Ordinary Time 06, Year B
- Let us then go to him outside the camp (Heb. 13:13)
Home sweet home! I am home once again, back from almost a four-week stay in the Philippines. I am very delighted to be back home.
Returning to the U.S., I left behind newscasters telling very bad news about a stampede that occurred the morning of the day of our departure and which killed 74 persons [1].
In my own house, of course, I have no problem feeling at home and making myself comfortable. I also feel safer at home, protected from the dangers lurking out there and isolated from all outside disturbance. It's not surprising, then, that I prefer to behave like the snails in St. Vincent's Dec. 6, 1658 conference, which withdraw quickly to their shells no sooner than they have gone out of them to check something outside.
Staying home, I am exposed neither to contagious diseases nor to fetid and pernicious air.
Enclosed within the four walls of the house, I feel myself to be as firm as a rock in the middle of an immense ocean and as unreachable as a far-flung island in the far-away South Pacific. And "the rock," according a Simon and Garfunkel song, "feels no pain, and an island never cries."

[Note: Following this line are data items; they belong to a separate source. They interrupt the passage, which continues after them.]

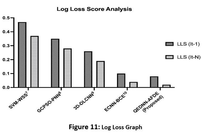 A comparative analysis of the logarithmic loss of different models is shown in Figure 11. It evaluates the confidence of probability-based predictions, where lower values indicate fewer errors. The proposed QEDNN-AFDE achieved low log loss due to a robust probabilistic learning design. As QDNN uses the parameter shift rule, the prediction probabilities are maximized in all iterations. This strategy is mainly used in borderline cases, where overconfident misclassification scores are standard in deep neural networks. The low log loss validates the ability of the proposed quantum-based model to generate reliable confidence scores, which are essential for clinical decision-making, especially in automated reported systems to assess diagnostic risk.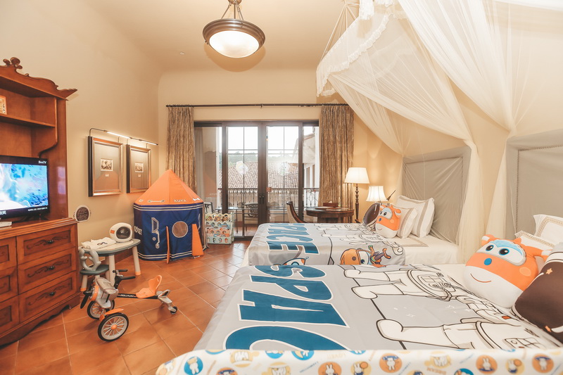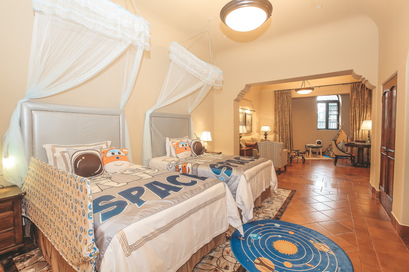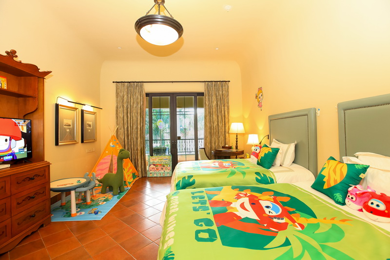 房内还贴心配置了超级飞侠主题小恐龙、拼图桌、故事书等儿童专属玩具,为孩子打造了一个欢乐的小天地,彻底释放孩子的玩乐天性。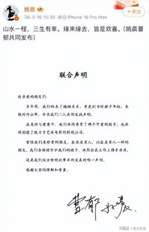 姚晨曹郁发布离婚声明:多年前已结束婚姻,为保护孩子未公开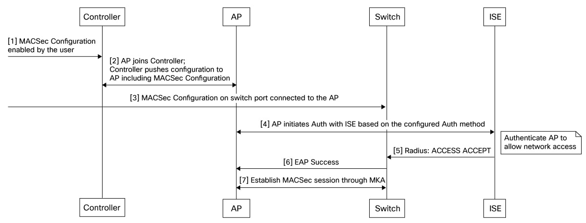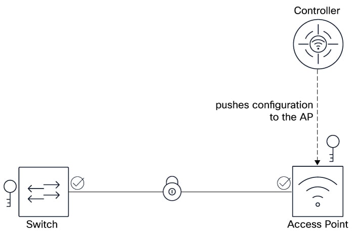 • uses the IEEE 802.1AE standard to apply hop-by-hop link encryption between the AP and the access switch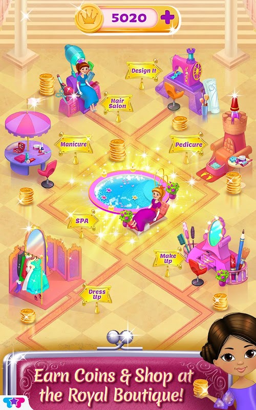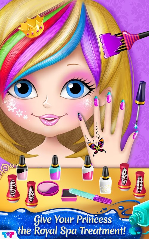 Head to the spa to continue pampering your princess! Check out the 4 adorable spa themes, each with different tools and spa surprises! You can also style and highlight your princess' hair! Talk about the royal treatment!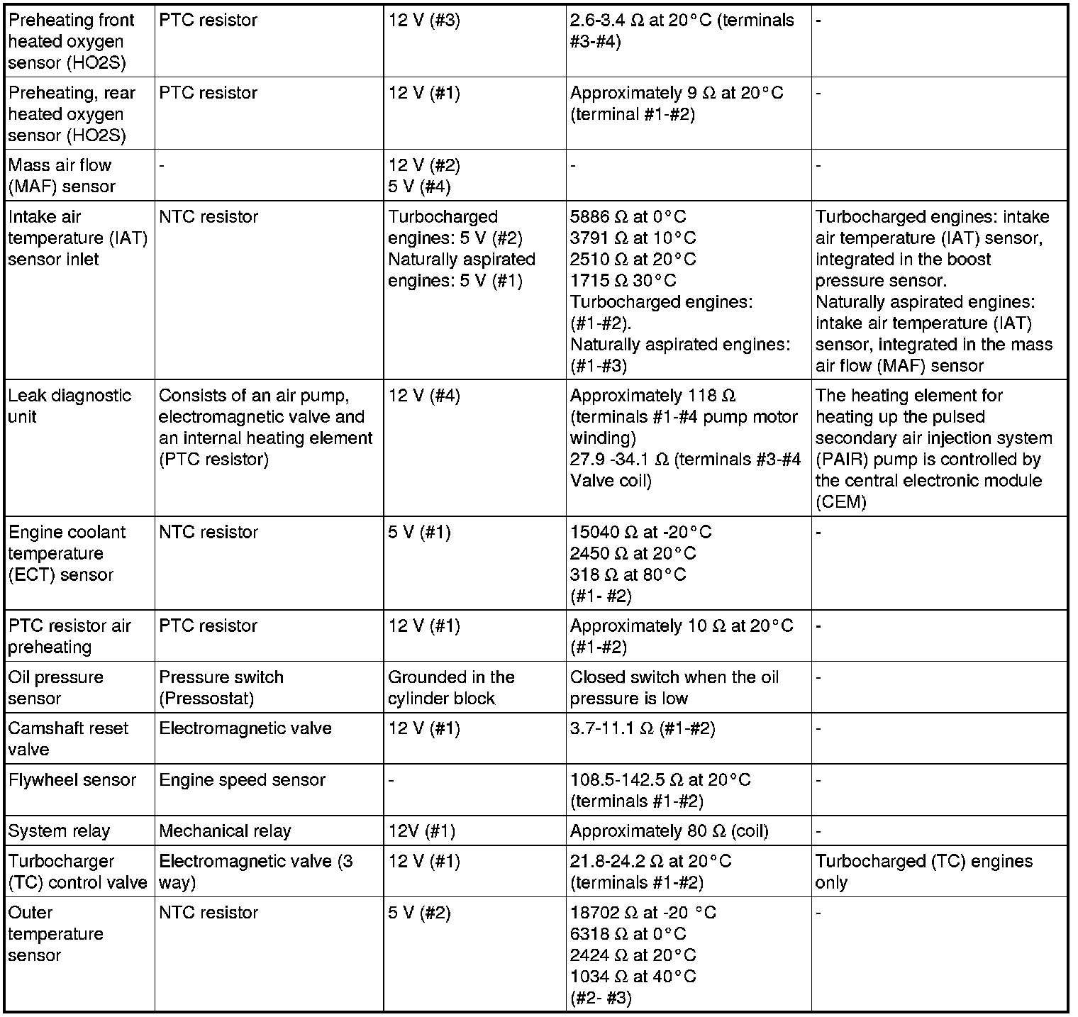 The component specification gives the value of the component when the connector is disconnected. Where no value is given, it is not possible to measure a relevant value at the component.

So then, safe, sound, secure, happy and pleased at home, I become incapable of taking notice of the dangers of an imminent pollution and of issuing a warning, incapable of pleasing anybody, since I seek my own benefit only, incapable of being an imitator of St. Paul, as he was of Christ. Disabled thus, I do not hear the pleadings of those in need nor am I moved with pity.
Upon leaving home, Jesus heard and took pity, and on account of this he had to remain outside even more in deserted places, as though these became his home where people came to him from everywhere.